=== Data records ===

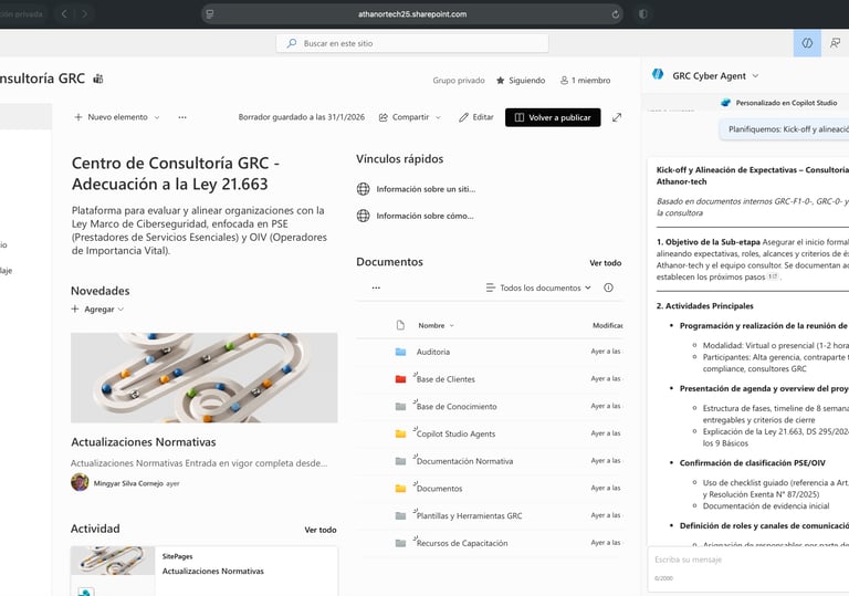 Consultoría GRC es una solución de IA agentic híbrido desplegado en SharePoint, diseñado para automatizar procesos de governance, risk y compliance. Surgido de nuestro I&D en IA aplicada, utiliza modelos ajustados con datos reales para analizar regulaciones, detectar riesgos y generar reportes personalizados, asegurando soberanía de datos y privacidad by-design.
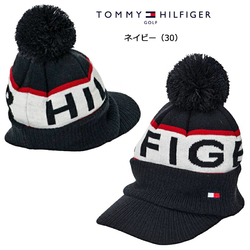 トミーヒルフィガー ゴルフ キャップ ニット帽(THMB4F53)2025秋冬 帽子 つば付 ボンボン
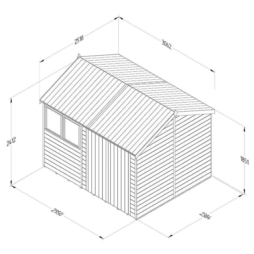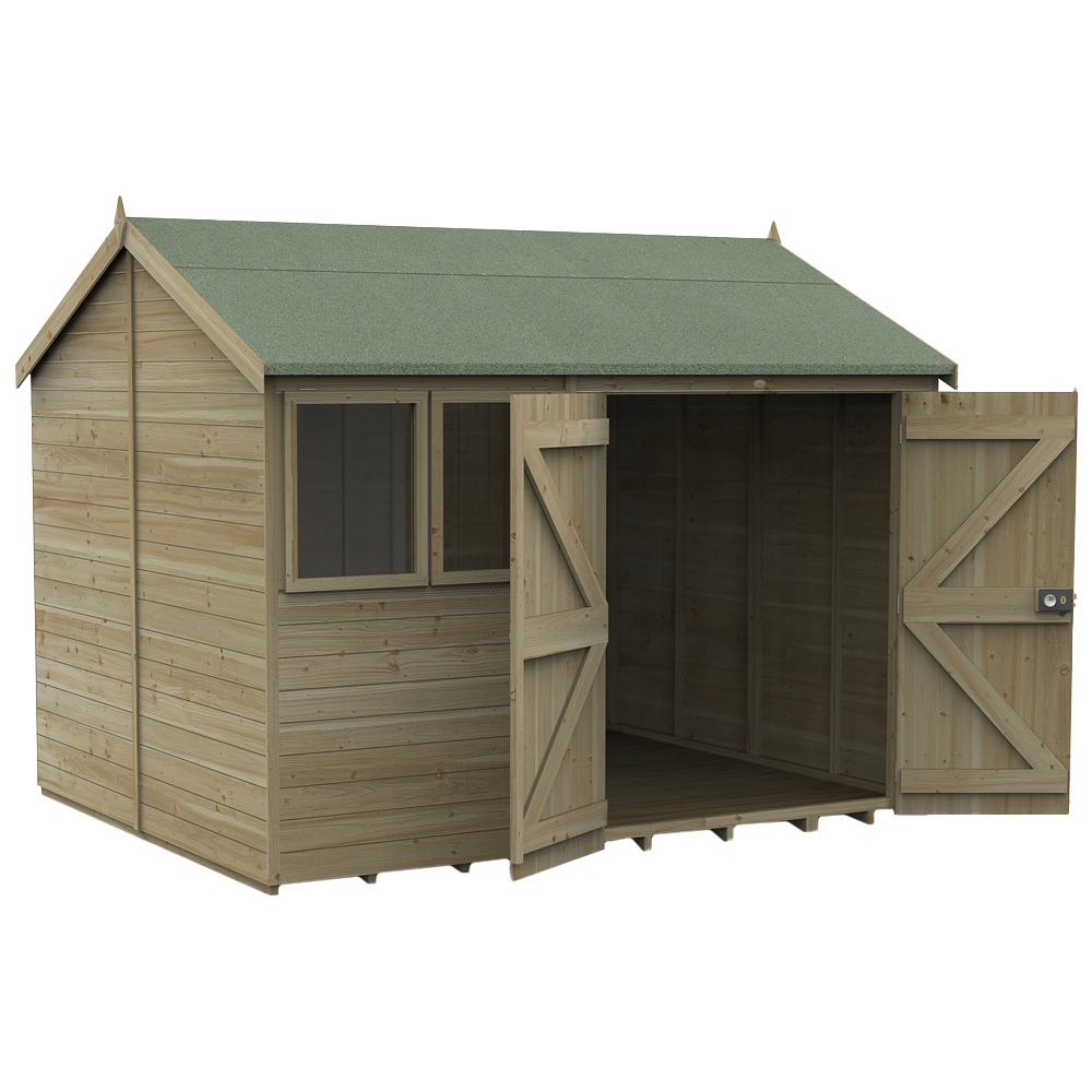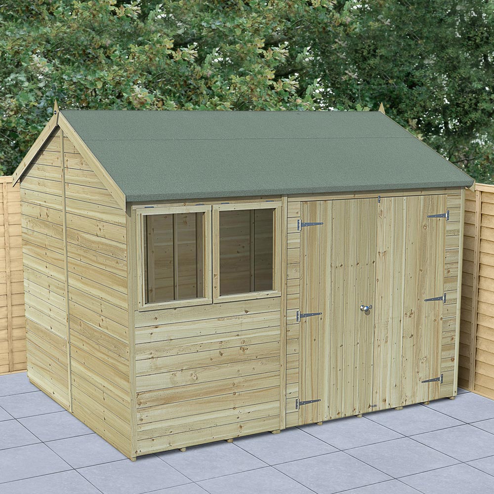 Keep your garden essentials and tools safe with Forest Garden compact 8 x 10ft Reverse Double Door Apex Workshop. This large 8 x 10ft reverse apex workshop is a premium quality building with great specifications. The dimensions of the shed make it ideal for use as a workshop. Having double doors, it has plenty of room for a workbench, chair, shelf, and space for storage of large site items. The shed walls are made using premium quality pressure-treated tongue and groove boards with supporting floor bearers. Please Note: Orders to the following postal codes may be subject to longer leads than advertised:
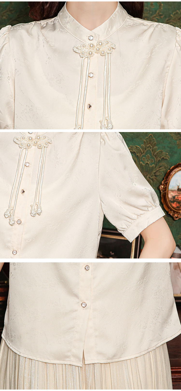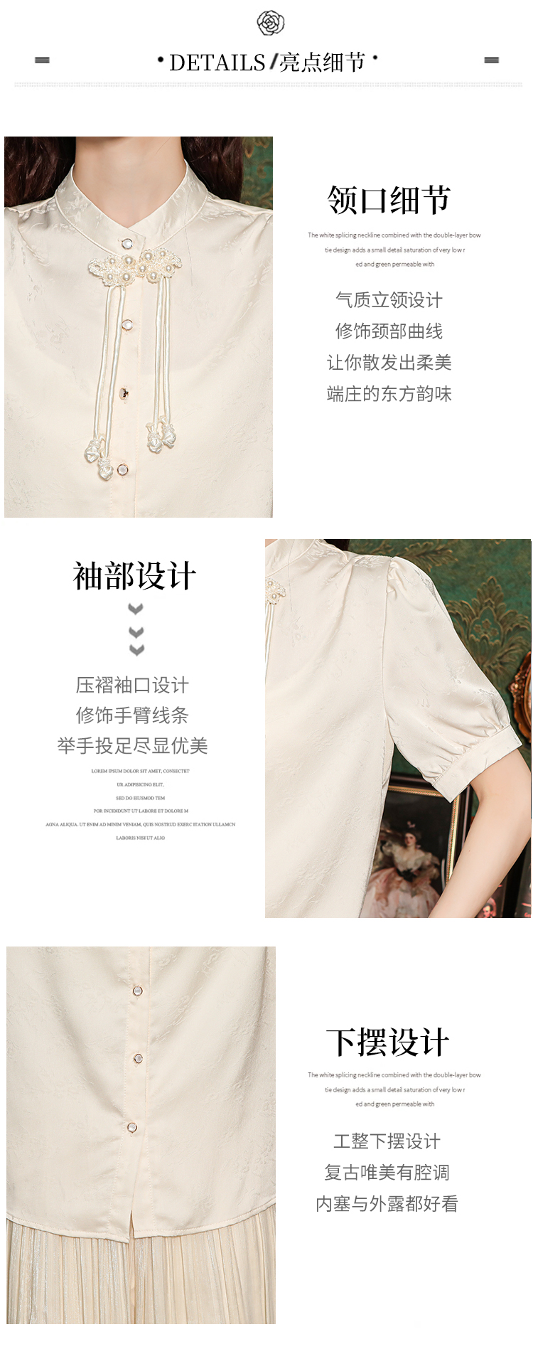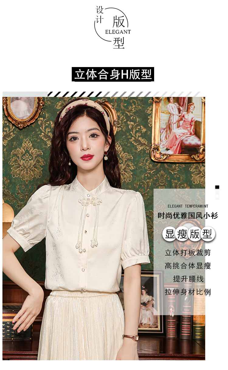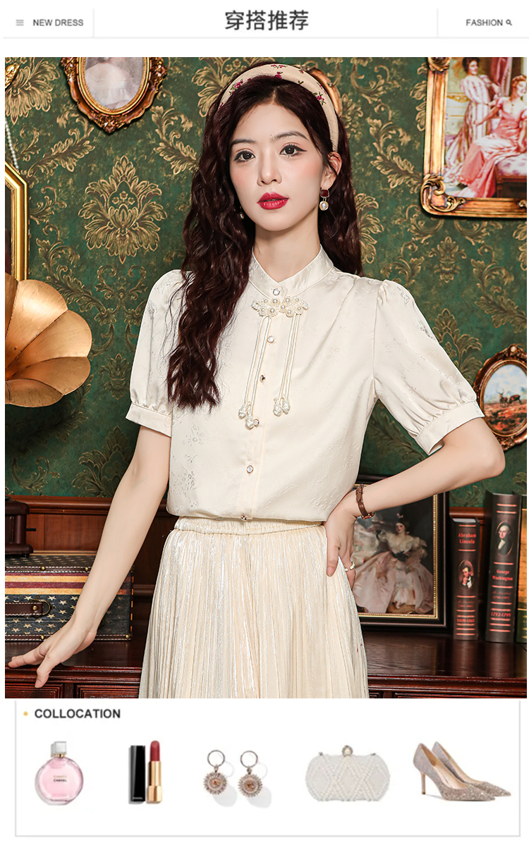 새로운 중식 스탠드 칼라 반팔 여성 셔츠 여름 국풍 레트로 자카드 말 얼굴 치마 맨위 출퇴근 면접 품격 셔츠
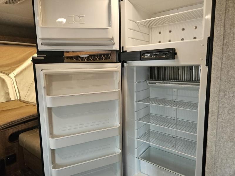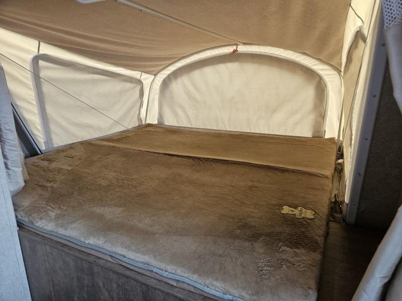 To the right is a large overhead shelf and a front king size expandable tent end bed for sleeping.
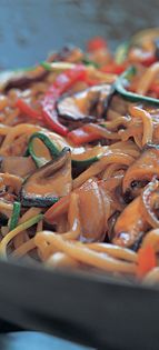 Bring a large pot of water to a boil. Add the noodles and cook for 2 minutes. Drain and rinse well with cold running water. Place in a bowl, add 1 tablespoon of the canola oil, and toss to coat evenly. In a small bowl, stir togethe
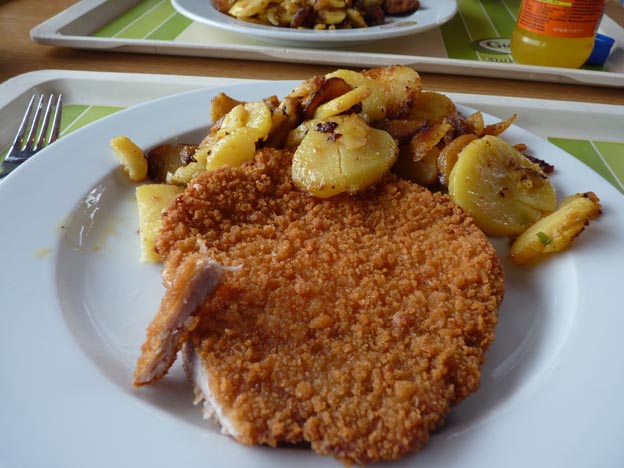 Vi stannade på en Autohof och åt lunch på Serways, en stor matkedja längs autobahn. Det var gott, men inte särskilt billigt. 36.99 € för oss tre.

===

» Problem details:
Pictures aside, write out verbatim every line from the first line of the material through the line holding "トミーヒルフィガー ゴルフ キャップ".

» Reply:
 Consultoría GRC es una solución de IA agentic híbrido desplegado en SharePoint, diseñado para automatizar procesos de governance, risk y compliance. Surgido de nuestro I&D en IA aplicada, utiliza modelos ajustados con datos reales para analizar regulaciones, detectar riesgos y generar reportes personalizados, asegurando soberanía de datos y privacidad by-design.
 トミーヒルフィガー ゴルフ キャップ ニット帽(THMB4F53)2025秋冬 帽子 つば付 ボンボン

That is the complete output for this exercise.